Task objective: Print out the whole listing below exactly as it is written.

Record set:
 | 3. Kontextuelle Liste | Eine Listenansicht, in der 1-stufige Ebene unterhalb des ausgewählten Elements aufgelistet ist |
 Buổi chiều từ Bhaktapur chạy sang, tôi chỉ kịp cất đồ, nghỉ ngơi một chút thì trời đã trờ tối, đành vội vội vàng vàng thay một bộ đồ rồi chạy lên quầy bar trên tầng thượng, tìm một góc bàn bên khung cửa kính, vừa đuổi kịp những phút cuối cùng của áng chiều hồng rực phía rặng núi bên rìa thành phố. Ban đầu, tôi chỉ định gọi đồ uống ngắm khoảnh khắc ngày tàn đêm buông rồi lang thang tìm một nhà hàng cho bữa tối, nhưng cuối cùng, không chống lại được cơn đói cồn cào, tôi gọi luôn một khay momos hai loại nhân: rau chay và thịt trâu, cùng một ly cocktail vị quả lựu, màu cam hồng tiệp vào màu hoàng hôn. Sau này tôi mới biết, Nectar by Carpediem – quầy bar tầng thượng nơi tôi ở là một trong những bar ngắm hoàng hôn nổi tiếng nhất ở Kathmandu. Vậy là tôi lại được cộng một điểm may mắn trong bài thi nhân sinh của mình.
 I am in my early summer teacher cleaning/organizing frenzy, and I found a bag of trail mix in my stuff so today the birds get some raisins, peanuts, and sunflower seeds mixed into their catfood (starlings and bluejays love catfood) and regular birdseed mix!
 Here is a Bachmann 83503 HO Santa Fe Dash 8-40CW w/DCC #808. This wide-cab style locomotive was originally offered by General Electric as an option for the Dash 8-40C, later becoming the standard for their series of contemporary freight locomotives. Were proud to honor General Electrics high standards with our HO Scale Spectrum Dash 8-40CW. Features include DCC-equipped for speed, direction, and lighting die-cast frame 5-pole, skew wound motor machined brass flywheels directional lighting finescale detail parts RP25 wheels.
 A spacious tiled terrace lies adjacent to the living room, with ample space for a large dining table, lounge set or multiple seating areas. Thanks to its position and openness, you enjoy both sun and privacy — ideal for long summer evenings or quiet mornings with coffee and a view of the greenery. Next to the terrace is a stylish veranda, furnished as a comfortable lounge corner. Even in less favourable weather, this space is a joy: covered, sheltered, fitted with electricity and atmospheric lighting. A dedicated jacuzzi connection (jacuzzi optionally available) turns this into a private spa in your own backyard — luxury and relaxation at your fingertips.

Task response:
 | 3. Kontextuelle Liste | Eine Listenansicht, in der 1-stufige Ebene unterhalb des ausgewählten Elements aufgelistet ist |
 Buổi chiều từ Bhaktapur chạy sang, tôi chỉ kịp cất đồ, nghỉ ngơi một chút thì trời đã trờ tối, đành vội vội vàng vàng thay một bộ đồ rồi chạy lên quầy bar trên tầng thượng, tìm một góc bàn bên khung cửa kính, vừa đuổi kịp những phút cuối cùng của áng chiều hồng rực phía rặng núi bên rìa thành phố. Ban đầu, tôi chỉ định gọi đồ uống ngắm khoảnh khắc ngày tàn đêm buông rồi lang thang tìm một nhà hàng cho bữa tối, nhưng cuối cùng, không chống lại được cơn đói cồn cào, tôi gọi luôn một khay momos hai loại nhân: rau chay và thịt trâu, cùng một ly cocktail vị quả lựu, màu cam hồng tiệp vào màu hoàng hôn. Sau này tôi mới biết, Nectar by Carpediem – quầy bar tầng thượng nơi tôi ở là một trong những bar ngắm hoàng hôn nổi tiếng nhất ở Kathmandu. Vậy là tôi lại được cộng một điểm may mắn trong bài thi nhân sinh của mình.
 I am in my early summer teacher cleaning/organizing frenzy, and I found a bag of trail mix in my stuff so today the birds get some raisins, peanuts, and sunflower seeds mixed into their catfood (starlings and bluejays love catfood) and regular birdseed mix!
 Here is a Bachmann 83503 HO Santa Fe Dash 8-40CW w/DCC #808. This wide-cab style locomotive was originally offered by General Electric as an option for the Dash 8-40C, later becoming the standard for their series of contemporary freight locomotives. Were proud to honor General Electrics high standards with our HO Scale Spectrum Dash 8-40CW. Features include DCC-equipped for speed, direction, and lighting die-cast frame 5-pole, skew wound motor machined brass flywheels directional lighting finescale detail parts RP25 wheels.
 A spacious tiled terrace lies adjacent to the living room, with ample space for a large dining table, lounge set or multiple seating areas. Thanks to its position and openness, you enjoy both sun and privacy — ideal for long summer evenings or quiet mornings with coffee and a view of the greenery. Next to the terrace is a stylish veranda, furnished as a comfortable lounge corner. Even in less favourable weather, this space is a joy: covered, sheltered, fitted with electricity and atmospheric lighting. A dedicated jacuzzi connection (jacuzzi optionally available) turns this into a private spa in your own backyard — luxury and relaxation at your fingertips.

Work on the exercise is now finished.